++++ DATA RECORDS

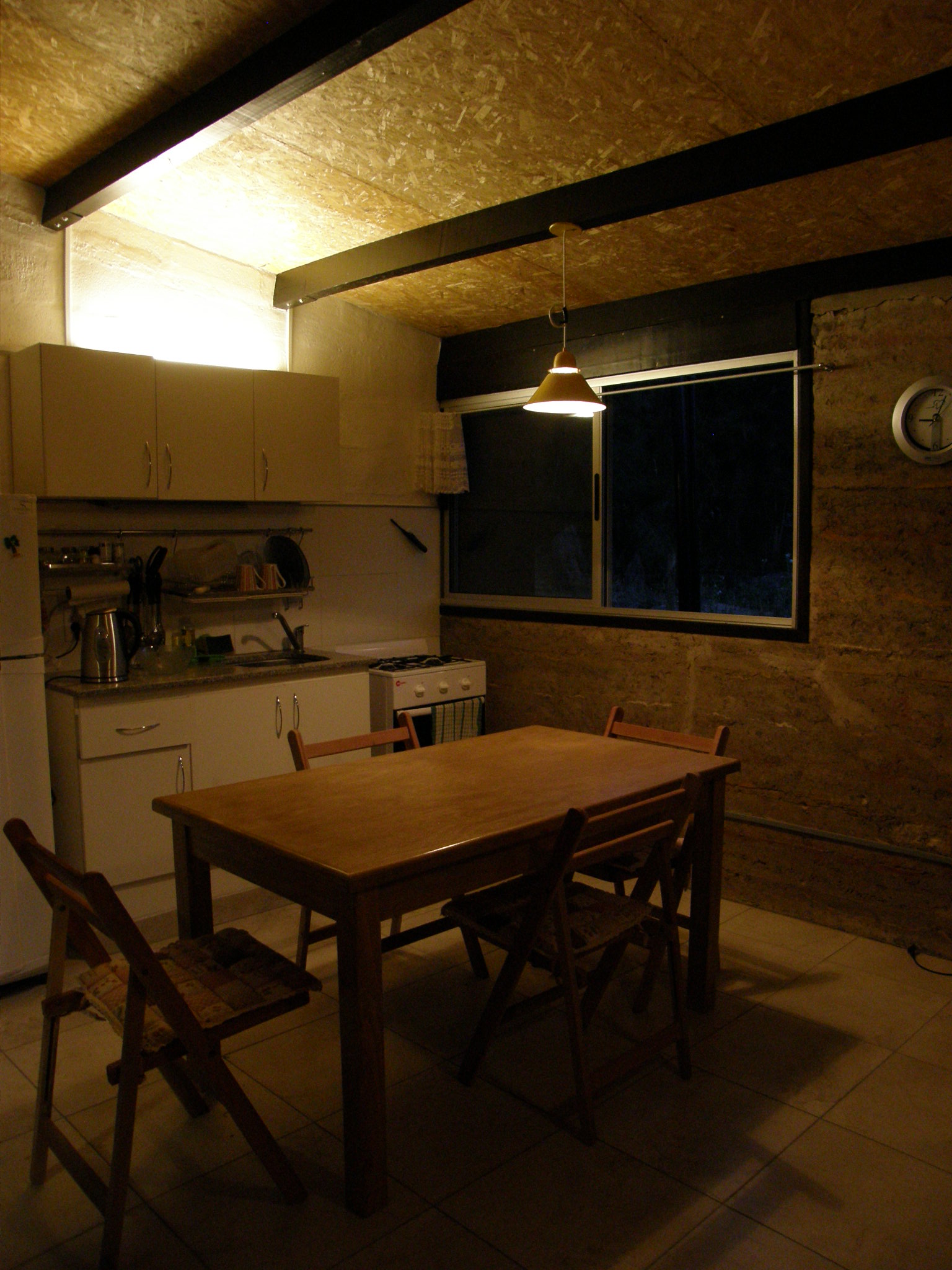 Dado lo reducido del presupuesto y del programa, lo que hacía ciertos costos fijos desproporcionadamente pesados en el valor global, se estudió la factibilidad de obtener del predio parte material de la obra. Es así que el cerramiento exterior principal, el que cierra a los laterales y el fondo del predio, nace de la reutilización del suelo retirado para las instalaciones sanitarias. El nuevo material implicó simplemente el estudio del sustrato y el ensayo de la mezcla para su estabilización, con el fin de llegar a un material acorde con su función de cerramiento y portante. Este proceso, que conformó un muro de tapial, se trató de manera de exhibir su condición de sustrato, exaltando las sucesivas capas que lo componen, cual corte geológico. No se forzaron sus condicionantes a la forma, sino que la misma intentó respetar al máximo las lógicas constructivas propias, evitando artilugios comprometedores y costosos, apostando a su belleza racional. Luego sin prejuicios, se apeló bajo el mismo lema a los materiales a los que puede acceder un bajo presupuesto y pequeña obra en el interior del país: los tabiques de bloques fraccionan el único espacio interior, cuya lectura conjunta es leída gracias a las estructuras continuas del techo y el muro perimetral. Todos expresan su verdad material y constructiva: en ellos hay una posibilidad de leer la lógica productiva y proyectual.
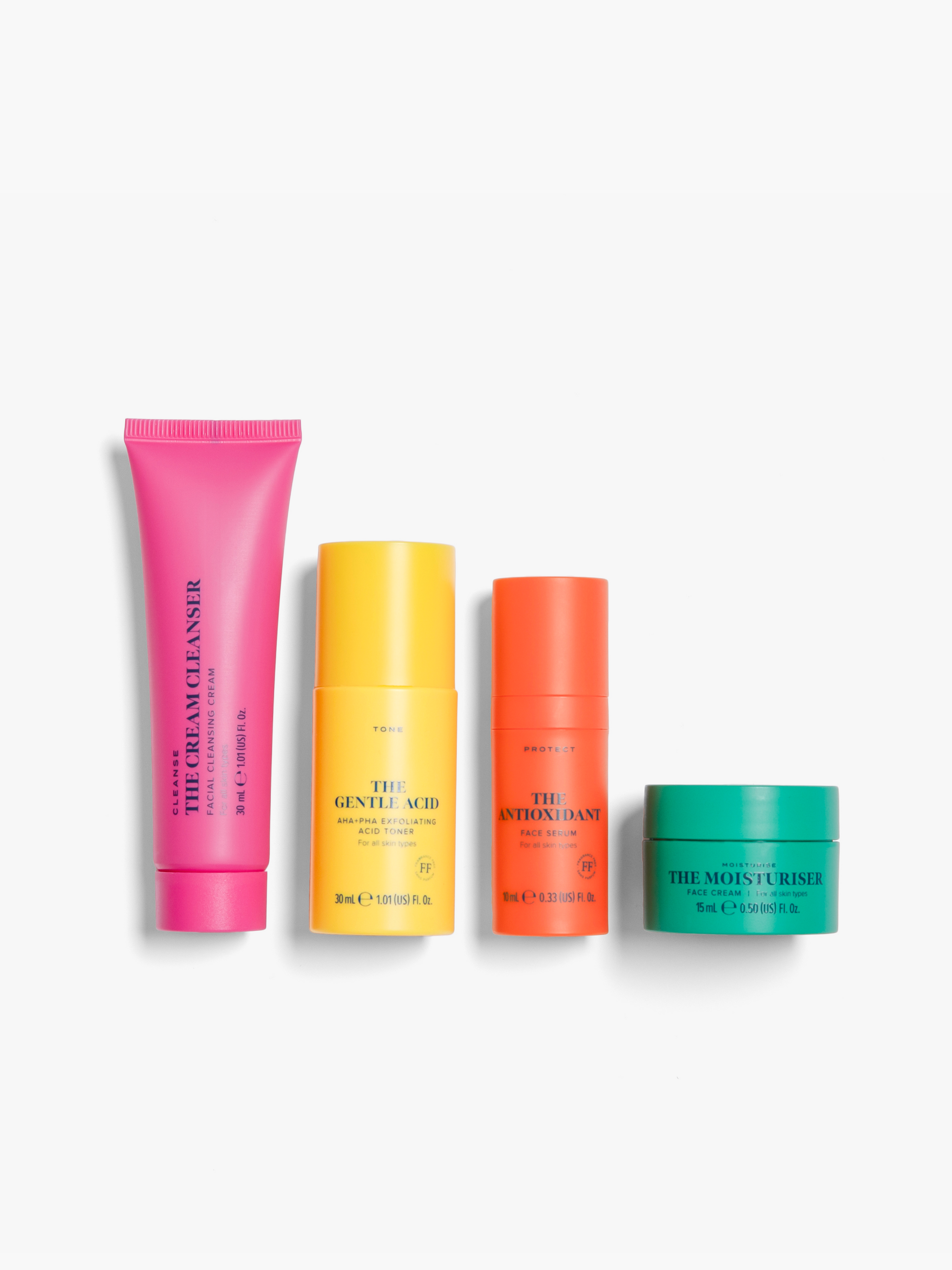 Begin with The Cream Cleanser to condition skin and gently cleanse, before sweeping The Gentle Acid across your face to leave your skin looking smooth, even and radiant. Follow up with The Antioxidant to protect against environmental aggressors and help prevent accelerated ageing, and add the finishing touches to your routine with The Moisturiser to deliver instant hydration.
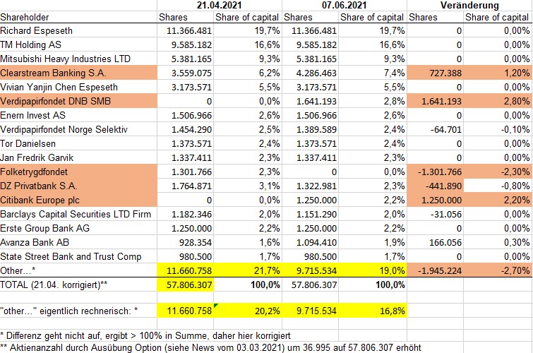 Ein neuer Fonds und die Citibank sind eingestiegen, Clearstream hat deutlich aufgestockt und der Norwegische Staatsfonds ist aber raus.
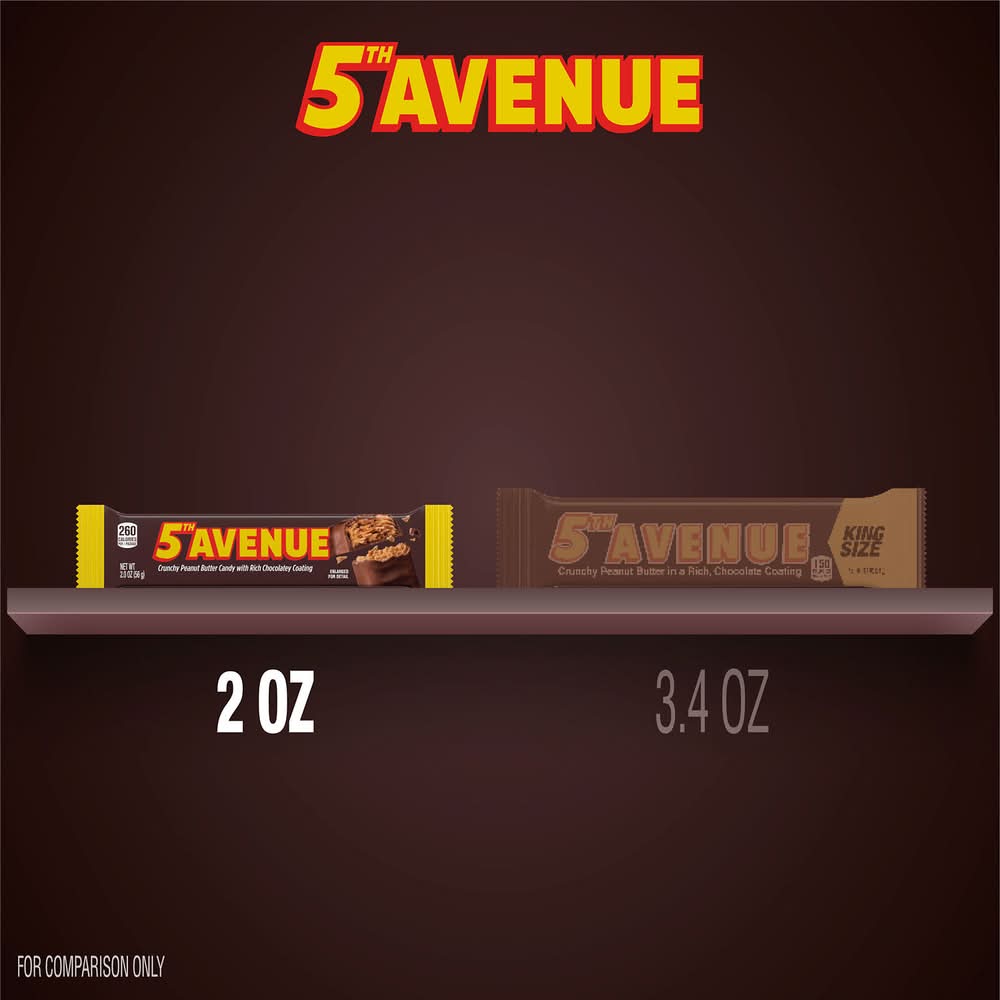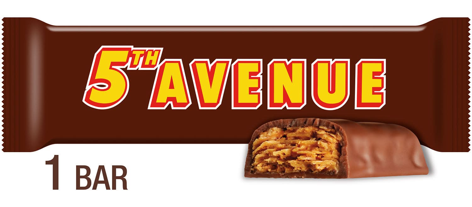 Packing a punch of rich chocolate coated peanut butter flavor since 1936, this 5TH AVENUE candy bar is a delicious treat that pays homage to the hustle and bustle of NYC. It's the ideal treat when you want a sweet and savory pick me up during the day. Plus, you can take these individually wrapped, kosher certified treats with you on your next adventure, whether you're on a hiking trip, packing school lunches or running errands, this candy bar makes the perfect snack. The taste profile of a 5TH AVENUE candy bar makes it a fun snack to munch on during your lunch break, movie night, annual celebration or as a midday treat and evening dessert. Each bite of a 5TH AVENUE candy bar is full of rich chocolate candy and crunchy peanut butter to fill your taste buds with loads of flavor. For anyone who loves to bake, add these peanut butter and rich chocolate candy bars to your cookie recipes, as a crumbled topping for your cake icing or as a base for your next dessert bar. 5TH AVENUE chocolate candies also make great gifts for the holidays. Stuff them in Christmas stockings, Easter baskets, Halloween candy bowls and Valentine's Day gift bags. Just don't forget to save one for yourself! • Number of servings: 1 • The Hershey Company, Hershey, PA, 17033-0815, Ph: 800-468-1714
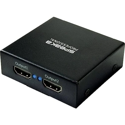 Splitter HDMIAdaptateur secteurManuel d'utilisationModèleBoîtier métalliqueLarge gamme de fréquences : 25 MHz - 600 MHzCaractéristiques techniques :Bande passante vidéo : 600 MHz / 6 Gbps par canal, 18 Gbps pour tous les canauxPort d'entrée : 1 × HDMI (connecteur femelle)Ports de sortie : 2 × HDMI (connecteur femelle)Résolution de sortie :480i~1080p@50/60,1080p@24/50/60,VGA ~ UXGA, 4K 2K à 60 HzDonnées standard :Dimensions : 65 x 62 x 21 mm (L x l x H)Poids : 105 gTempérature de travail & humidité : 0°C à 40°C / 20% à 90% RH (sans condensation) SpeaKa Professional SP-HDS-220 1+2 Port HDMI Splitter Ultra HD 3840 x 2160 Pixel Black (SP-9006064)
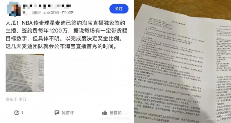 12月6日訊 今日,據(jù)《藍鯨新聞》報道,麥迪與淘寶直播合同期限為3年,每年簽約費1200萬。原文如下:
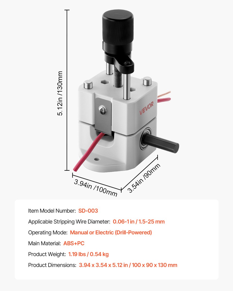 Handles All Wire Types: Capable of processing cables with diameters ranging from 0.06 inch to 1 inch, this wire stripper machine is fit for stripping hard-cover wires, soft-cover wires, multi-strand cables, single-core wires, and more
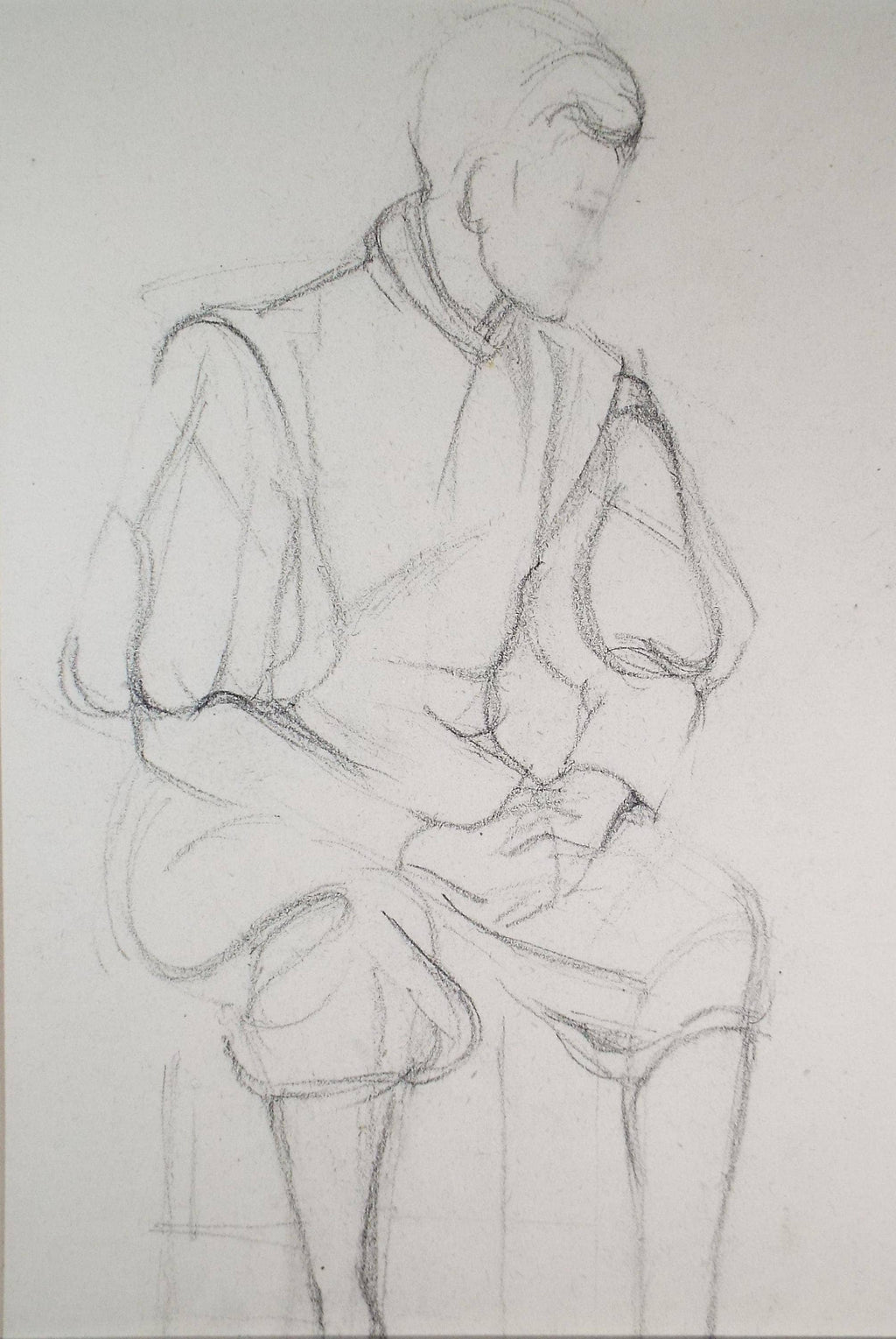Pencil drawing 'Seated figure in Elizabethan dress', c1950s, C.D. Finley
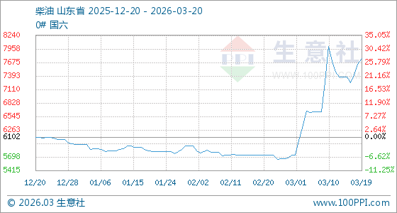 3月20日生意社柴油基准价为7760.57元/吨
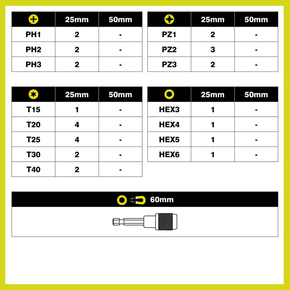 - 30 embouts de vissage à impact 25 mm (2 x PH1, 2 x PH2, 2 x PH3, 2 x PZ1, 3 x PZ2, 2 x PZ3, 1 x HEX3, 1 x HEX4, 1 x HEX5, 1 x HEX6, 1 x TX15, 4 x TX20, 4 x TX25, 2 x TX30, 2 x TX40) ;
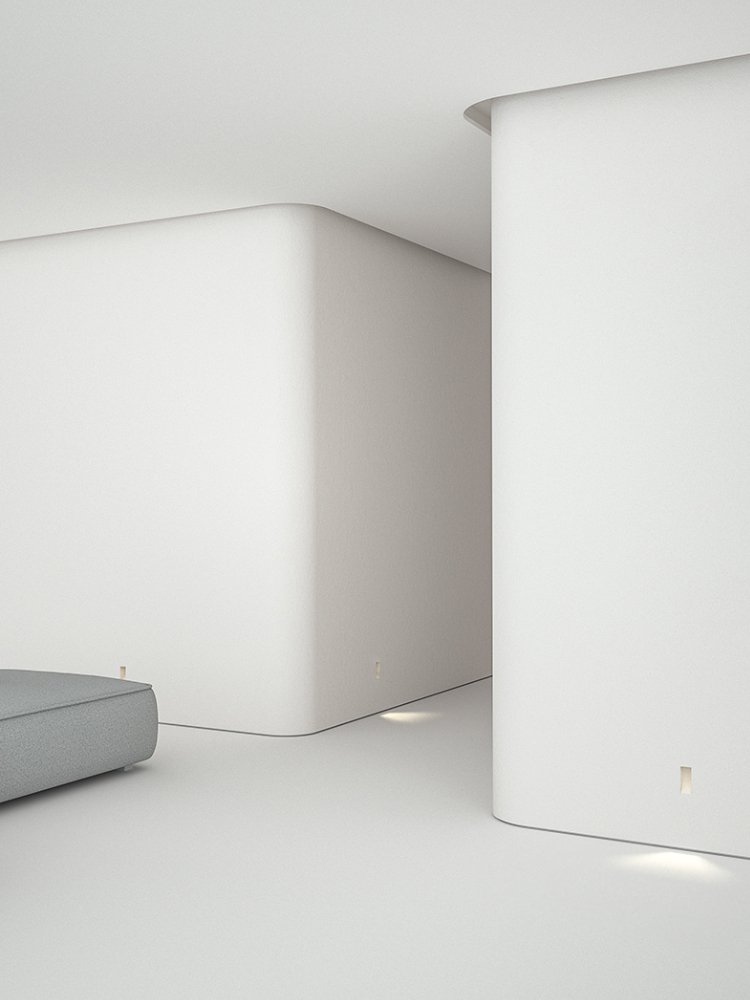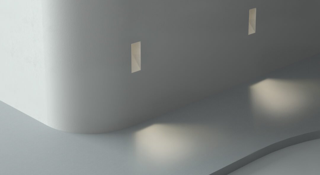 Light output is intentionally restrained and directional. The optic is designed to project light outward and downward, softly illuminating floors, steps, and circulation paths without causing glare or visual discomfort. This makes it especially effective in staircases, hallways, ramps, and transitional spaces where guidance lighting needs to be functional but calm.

++++++++

● ASSIGNMENT:
Final task for the records above: print exactly the lines from the one that contains "Pencil drawing 'Seated" through the last line, both ends included, pictures excluded.

● WRITTEN SOLUTION:
Pencil drawing 'Seated figure in Elizabethan dress', c1950s, C.D. Finley
 3月20日生意社柴油基准价为7760.57元/吨
 - 30 embouts de vissage à impact 25 mm (2 x PH1, 2 x PH2, 2 x PH3, 2 x PZ1, 3 x PZ2, 2 x PZ3, 1 x HEX3, 1 x HEX4, 1 x HEX5, 1 x HEX6, 1 x TX15, 4 x TX20, 4 x TX25, 2 x TX30, 2 x TX40) ;
 Light output is intentionally restrained and directional. The optic is designed to project light outward and downward, softly illuminating floors, steps, and circulation paths without causing glare or visual discomfort. This makes it especially effective in staircases, hallways, ramps, and transitional spaces where guidance lighting needs to be functional but calm.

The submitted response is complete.